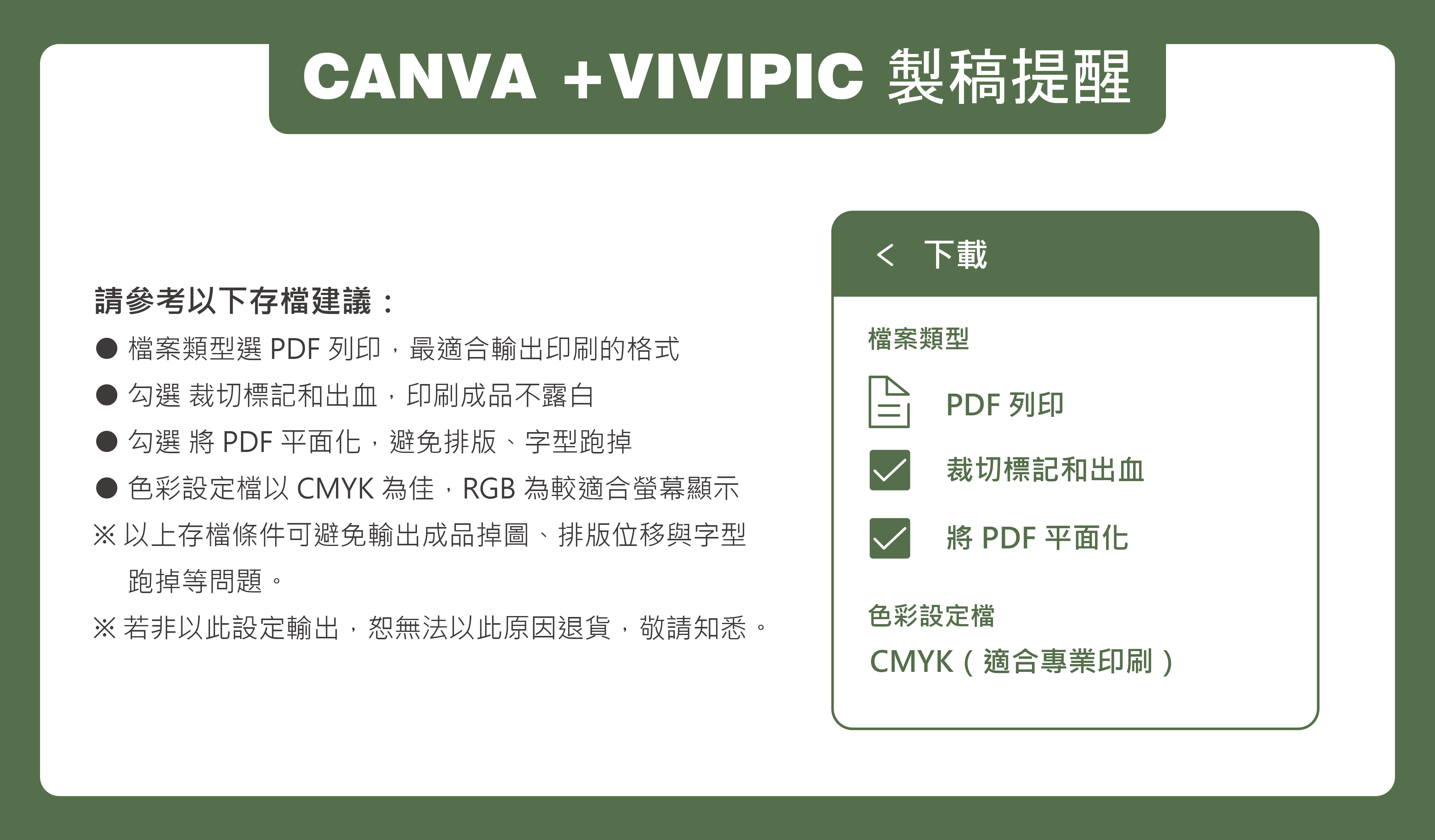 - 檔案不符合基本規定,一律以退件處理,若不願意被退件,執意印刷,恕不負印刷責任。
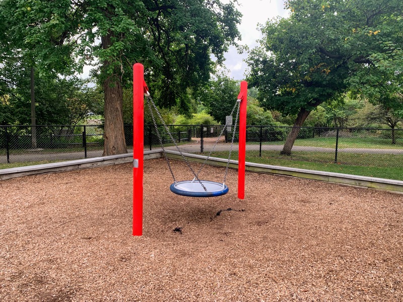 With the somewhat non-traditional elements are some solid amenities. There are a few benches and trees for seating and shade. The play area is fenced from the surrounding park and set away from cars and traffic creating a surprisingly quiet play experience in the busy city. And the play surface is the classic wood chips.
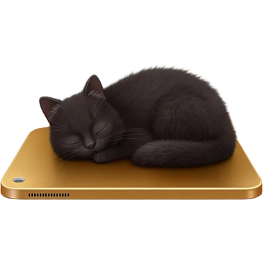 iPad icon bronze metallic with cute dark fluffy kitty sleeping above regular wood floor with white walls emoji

+++

Task prompt –
From the top of the listing above, repeat each line exactly until you reach the line containing "With the somewhat", and repeat that one too. Leave the pictures out.

Exercise response –
 - 檔案不符合基本規定,一律以退件處理,若不願意被退件,執意印刷,恕不負印刷責任。
 With the somewhat non-traditional elements are some solid amenities. There are a few benches and trees for seating and shade. The play area is fenced from the surrounding park and set away from cars and traffic creating a surprisingly quiet play experience in the busy city. And the play surface is the classic wood chips.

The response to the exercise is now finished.